Simulating Helicopter Flight

 My first exposure to Simulators was 1969 in Moosejaw, Saskatchewan, where, as a new pilot trainee, I had just been introduced to the Canadair CT 114 "Tutor".  It was the Trudeau years and so the military wanted to save money any way they  could.  One of those ways was  to  schedule a percentage of our instructional time to emergency and  navigation  sessions in the Simulator.  Except for the checklist procedures, all the exercises were via the instruments. There was no reason to simulate what was happening outside.
Then in 2004, along comes Microsoft with real simulation for a helicopter but it's operated by computer keys. Ahh .... yes, Saitek produced pedals and a "computer games" cyclic, but the visual environment was a flat screen --- hardly realistic when training to do the real thing.

In the military world, the advent of  helicopter simulation really took the science to new heights, portraying a ground environment that responded as it would to the proper use of the helicopter controls or vice versa. The control pressures might be a little different from one machine to the next,  but the eye hand coordination necessary to  fly, was the same .
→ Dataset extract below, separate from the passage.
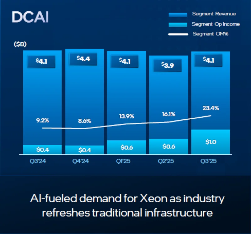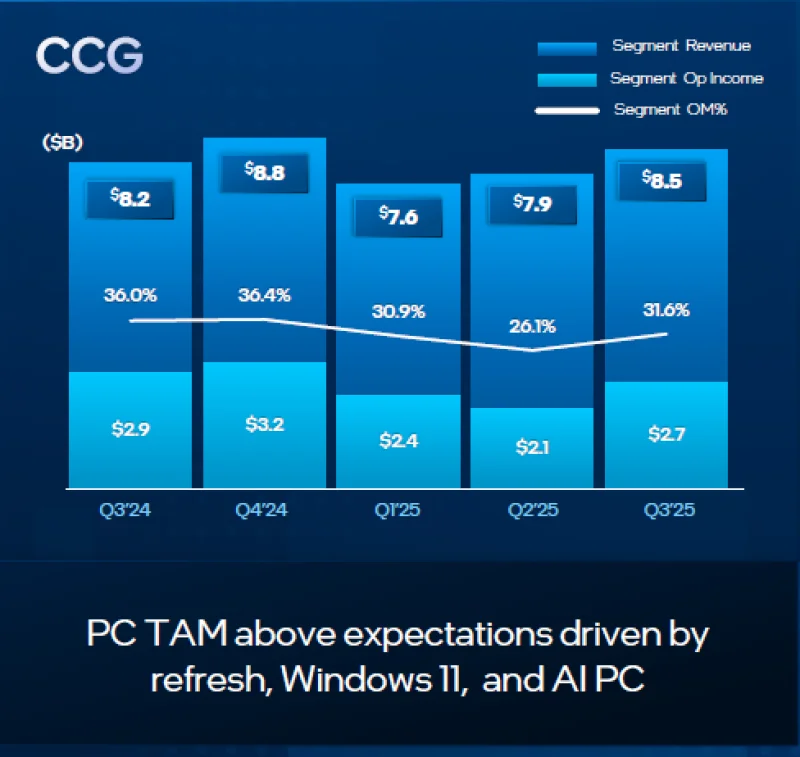 Фактически, квартальная выручка Intel превысила внутренние прогнозы корпорации. Ключевым драйвером роста в третьем квартале стало подразделение клиентских решений, увеличившее доход на 5 % до $8,5 млрд в годовом исчислении, тогда как серверное направление сократило выручку на 1 % до $4,1 млрд. Суммарно от продажи продуктов Intel получила $12,7 млрд, что на 3 % выше показателя прошлого года.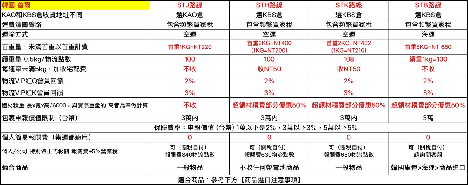 | KBS韓國首爾空運&海運一般倉 | 0 | 0.00 kg(公斤) | 0 /kg(公斤) | 5 / 天kg(公斤) | 0 /kg(公斤) | 100 / 包裹 | 25 | 35 |

For the Mosquito then, we wondered just how we were going to affordably access this military style simulation technology and get the novice into the air well prepared ? Could we get the Microsoft 2004 program to function  inside a 180 degree four screen environment that showed the pilot the ground ? If yes, we could give the pilot all the eye hand coordination that he could handle at a relatively small expense, and....as a bonus, the absence of noise and danger would be welcome.  

Chris Stroesser, a Canadian computer technician, took on the project in 2006, and when it was  successfully completed in 2007,  Microsoft distanced themselves, withdrawing all warranty support.  Chris must have been working in uncharted territory .

No  matter -- today,  it's working flawlessly and it is  available for use when pilots want to simulate flying a helicopter in the most economical manner.